Their launch signified a push towards introducing more natural products on the network and their debut was the largest beauty premiere the company has ever had. “It was a really extraordinary day,” Rob Robillard, VP of Integrated Beauty for Qurate Retail Group, tells PEOPLE. “We sold out of 177 items on the day and their “TS” (Today’s Special) sold out by 2 p.m. Our customers really loved what they were selling and we brought a lot of new neighbors on board as well. We’re happy for them.”
But Robillard knew they would be a hit with the HSN customer right from the start.
“They really are authentically amazing guys. The minute I met the two of them I knew instantaneously that their story was beautiful, their narrative was amazing and they were really extraordinary story tellers themselves so I knew that they, and their story, would be exciting to our customers,” says Robillard. “It’s a great story and it’s great for the guys, great for their community, great for their suppliers, great for the goats! We’re really happy to be one part of helping to make them a success.”

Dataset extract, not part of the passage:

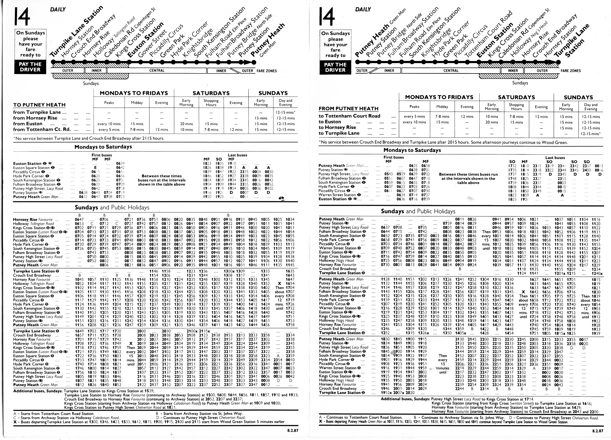 HORNSEY RISE - PUTNEY Oxford Road ( Mon-Fri / Sat am ) - KINGSTON VALE( Mon-Sat peak journeys) - HAMPTON COURT ( Sat pm /Suns )

And their success trajectory is even more impressive considering that their business is all local and independent. “Particularly with the beauty industry, it’s so rare to see an independent beauty company that doesn’t have private equity funding or isn’t owned by one of the big conglomerates, we truly still are a homegrown, made in the USA, completely self-funded beauty brand,” says Ridge.
For Ridge and Kilmer-Purcell, teaming with HSN connects them even further with their “neighbor.”
“HSN allows us to make the product, we come and talk directly to a neighbor and then they come directly to us and it’s the most direct amazing, rewarding relationship,” says Kilmer-Purcell.
As the largest employer of Sharon Springs, they staff over 100 people, over 80 percent of which are female, and they never plan on moving their headquarters elsewhere. “We keep the post office open with the amount of mail order we do,” says Kilmer-Purcell. “We are such in an economically challenged rural area and for everyone to be able to survive and to thrive, we have to work together.”
And that community mindset is exactly what Kilmer-Purcell says is the key to their success. “Our company motto is work hard, never quit, and help your neighbor. We really say as long as we do those three things we can grow as big as we can grow because it just keeps helping everybody. We have to stick to those three ethos.”
In addition to their beauty products, the Beekman Boys will be back on HSN throughout the year to introduce the HSN “neighbor” to the rest of their “living brand” (they dislike the term lifestyle brand).
On August 20 they will introduce their Happy Place home cleaning line, and later launch their gourmet food line on HSN. “We’re looking to help them be a living brand across our network throughout the rest of the year,” says Robillard.
The Fabulous Beekman Boys are doing some pretty “fabulous” things.